In this study, researchers identified extracellular vesicles (EVs) as “potent mediators of immunity.” EVs are nano-sized membrane particles that cells release as an intercellular mode of communication. According to the study, there has been a growing interest in EVs due to their emerging roles in disease and potential use as prognostic biomarkers.

Researchers investigated the functional impact of plasma EVs (pEVs) on neuroinflammation and clinical disability in mouse models of central nervous system (CNS) demyelination. This was done by injecting EVs from healthy mice into mice that had MS-like disease.

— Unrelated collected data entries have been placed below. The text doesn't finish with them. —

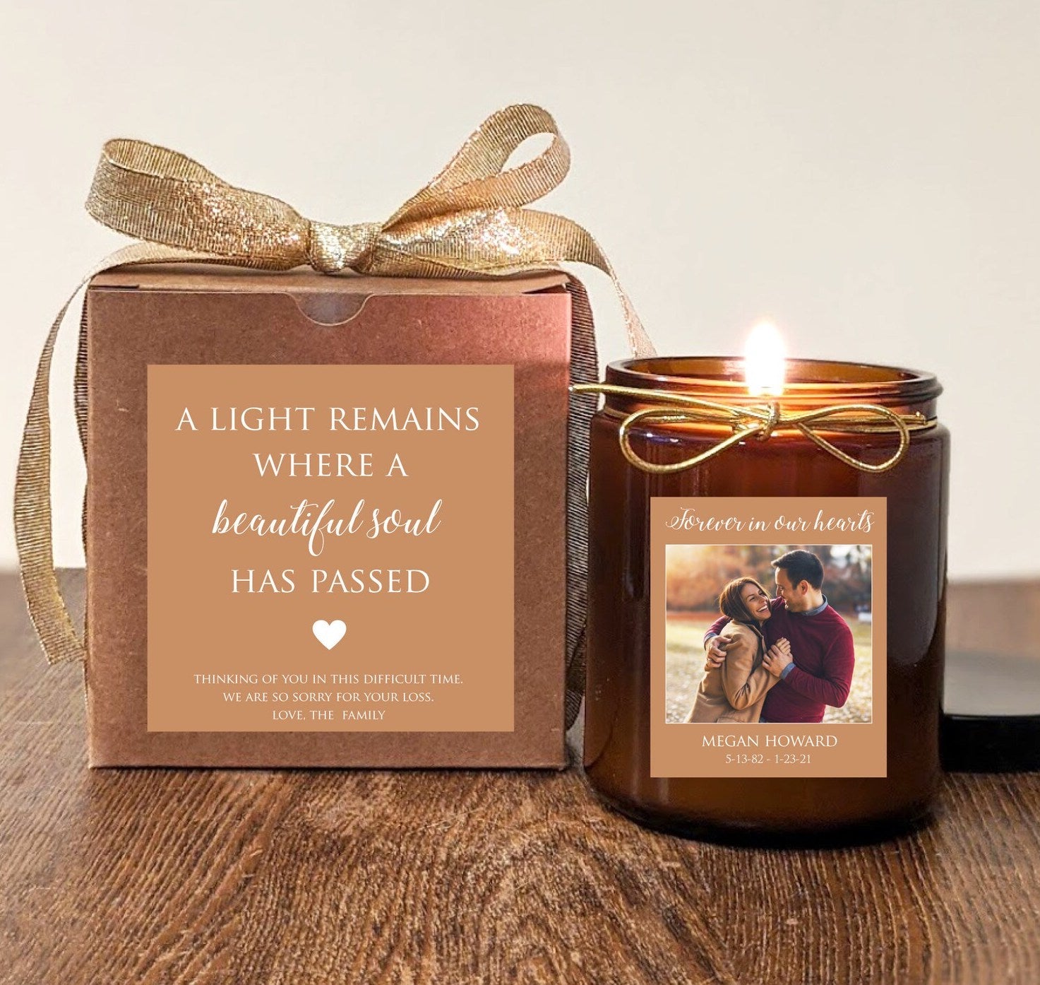 Personalized Memorial Gift Photo Candle 8oz Vanilla. A light remains where a beautiful soul has passed.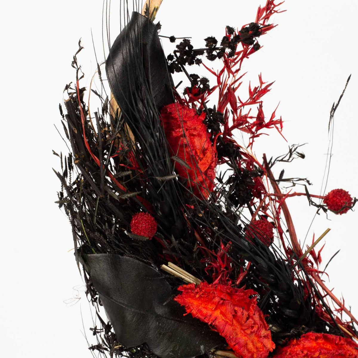 - Arrangement composé de différentes fleurs séchées de couleur rouge-noir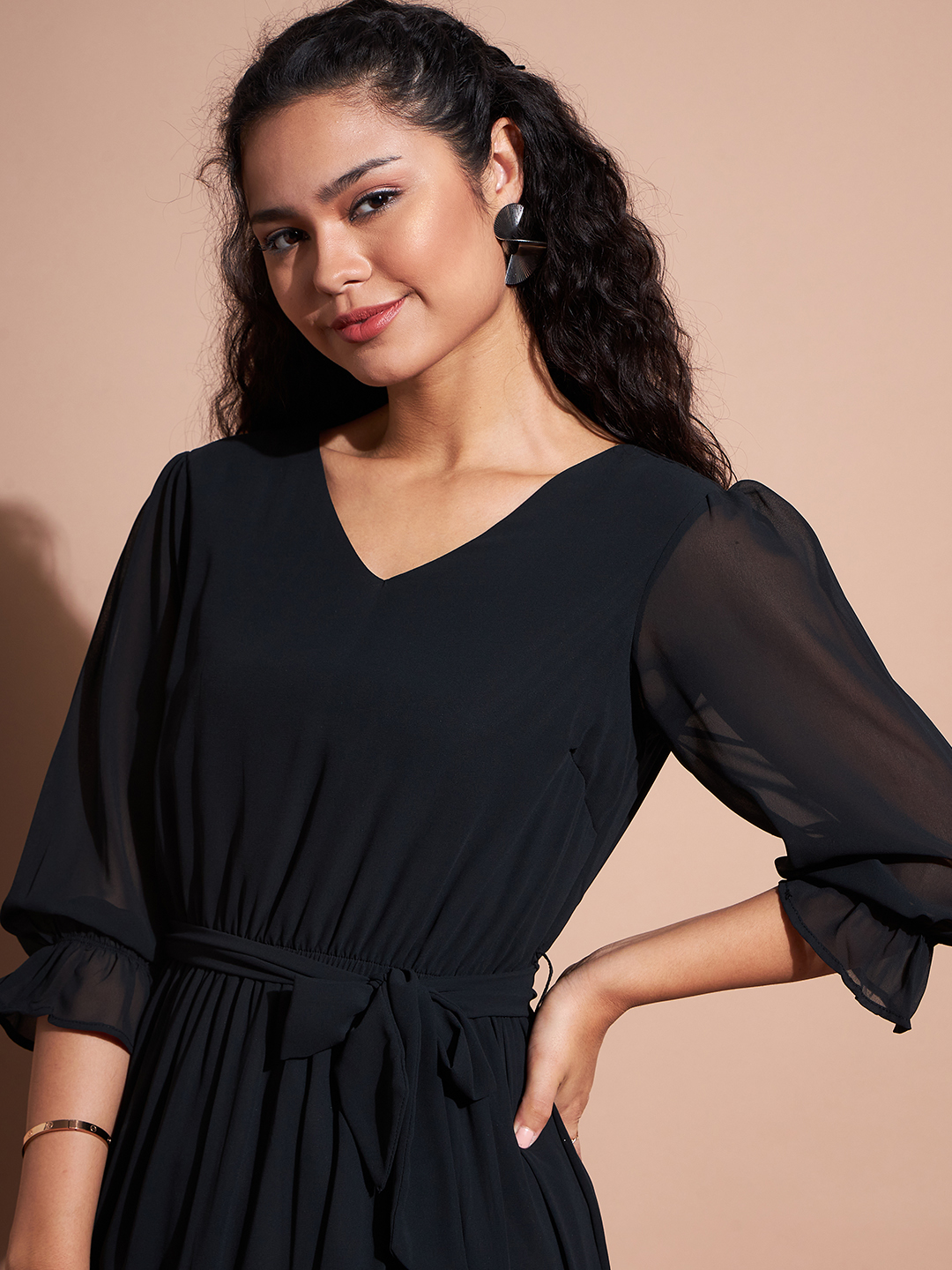 Be the first to review “Deewa Women Black Chic Asymmetrical Pleated Midi Dress”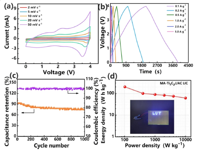 2//AC LICs的電化學(xué)性能。(a) CV曲線和(b)相同電位窗口0.01-4.0 v下的GCD曲線。(c)循環(huán)穩(wěn)定性和(d) Ragone曲線。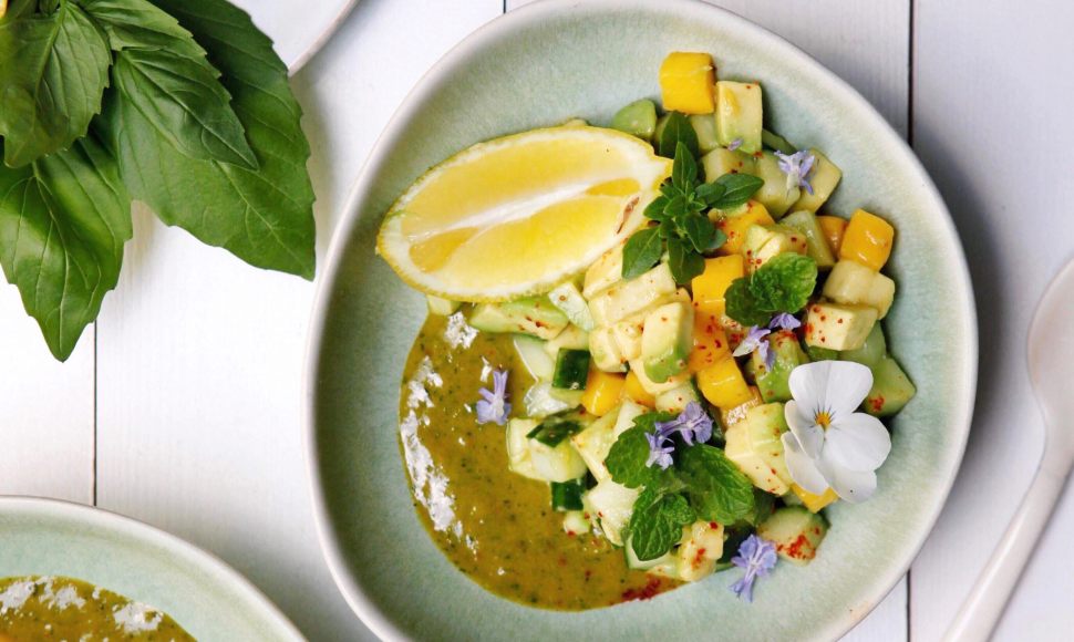 Tartare de concombres, avocat et mangue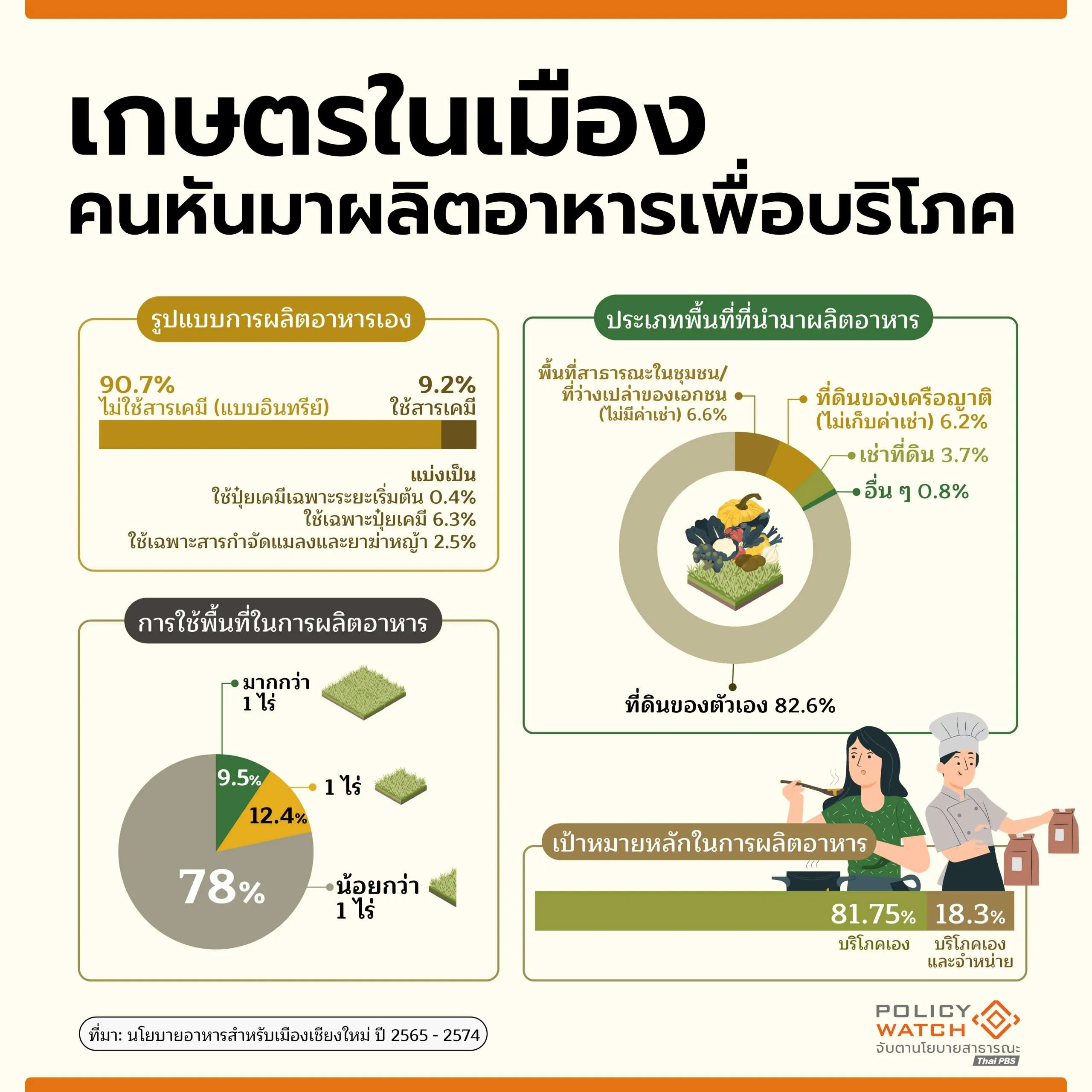 ในกลุ่มที่ผลิตอาหารเองนั้น คนจำนวนมาก 82.6% ผลิตอาหารโดยใช้บริเวณพื้นที่ของตนเอง และส่วนมากไม่ได้มีพื้นที่ขนาดใหญ่ หรือน้อยกว่า 1 ไร่ อย่างไรก็ตาม ถ้ามีการสนับสนุนคนที่ผลิตอาหารโดยไร้สารเคมีได้มากขึ้น ก็จะเป็นผลดีและแรงสำคัญในการกระจายอาหารปลอดภัยในราคาที่เข้าถึงได้ให้กับคนเมืองมากขึ้น
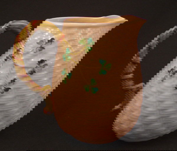 SoldBelleek Black Mark Creamer & SugarClover / shamrock basket weave pattern with 3rd black marks 1926-1946. Excellent condition. Creamer 4" H approx. Sugar 2" H x 3.5" dia. approx.See Sold Price
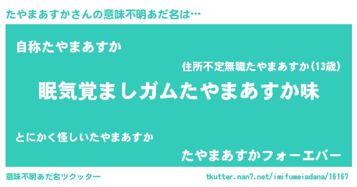 | 胡散臭い通販商品みたいなあだ名 | 『モンドセレクションを受賞したマグネット磁石…その名も「たやまあすか」』 |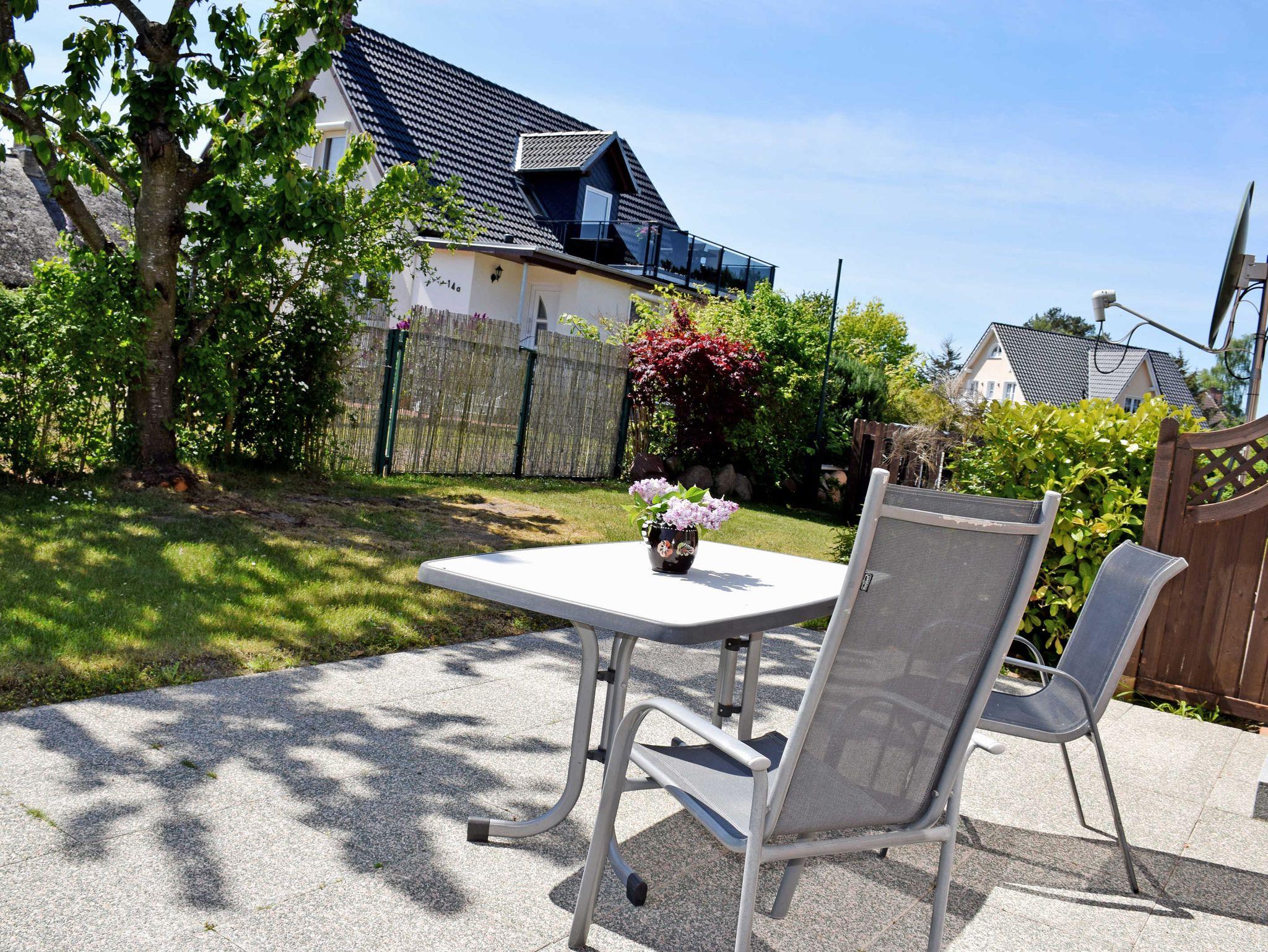 Gäste in dieser Ferienwohnung können am Haus eine Wiese mit Terrasse und Gartenmöbeln sowie einer Grillmöglichkeit nutzen.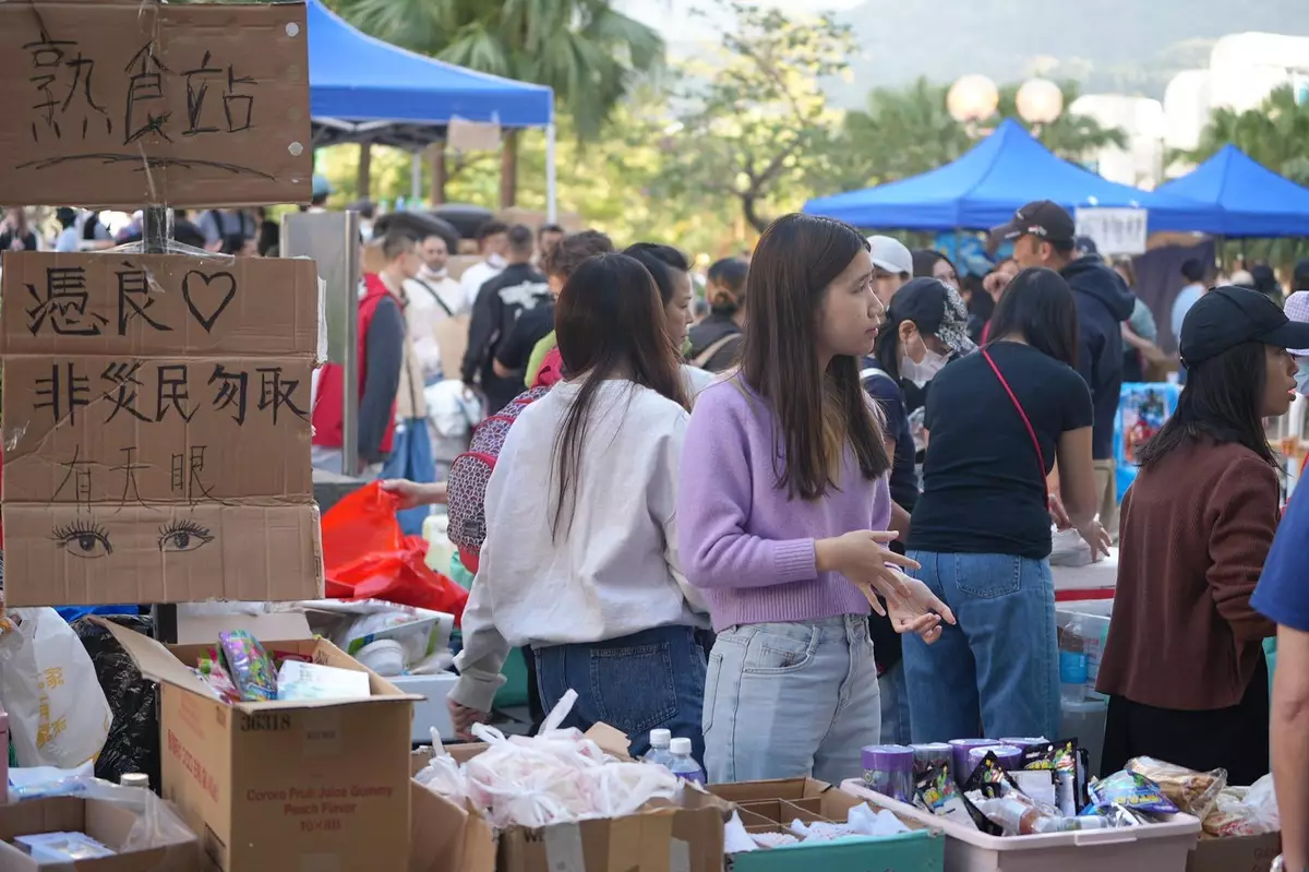 另外,部分居民在商場及屋邨公共空間搭建簡易地鋪休息,床褥旁放有水、餅乾、衛生用品等,部分由熱心市民主動補給。現場不同角落都見到上面寫著「非災民勿取」字樣的紙皮,提防有人貪心擅取物資,期望所有物資都用在災民身上。

This experiment determined that the mice injected acquired a relapsing-remitting disease and active CD8+, as seen in human patients with MS. Upon examination of the EVs in mice and patients with MS, the researchers found that they each contained fibrinogen, which is a blood clotting factor.

Specifically, the study authors noted that EVs with fibrinogen seemed to activate the CD8+ immune cells, causing relapsing-remitting illness, while mice injected with EVs that did not contain fibrinogen did have their CD8+ cells activated.

“These findings expand our understanding of how fibrinogen contributes to the progression of MS pathology,” Katerina Akassoglou, PhD, senior investigator at Gladstone and a professor of neurology at University of California, San Francisco, said in a statement. "Fibrinogen in exosomes may have far-reaching implications for therapies and as a biomarker for disease progression in MS, and potentially, other neurological diseases."

Overall, the findings highlight the potential of CD8+ T cells in mediating autoimmunity in mice. “With continued study, we consider this pEV-[experimental autoimmune encephalomyelitis] model a means by which to elucidate the etiology of relapse activity in human [relapsing remitting MS],” concluded the authors.

Reference

Willis C, Nicaise A, Menoret A, et al. Extracellular vesicle fibrinogen induces encephalitogenic CD8+ T cells in a mouse model of multiple sclerosis [published online May 8, 2019]. PNAS. doi: org/10.1073/pnas.1816911116.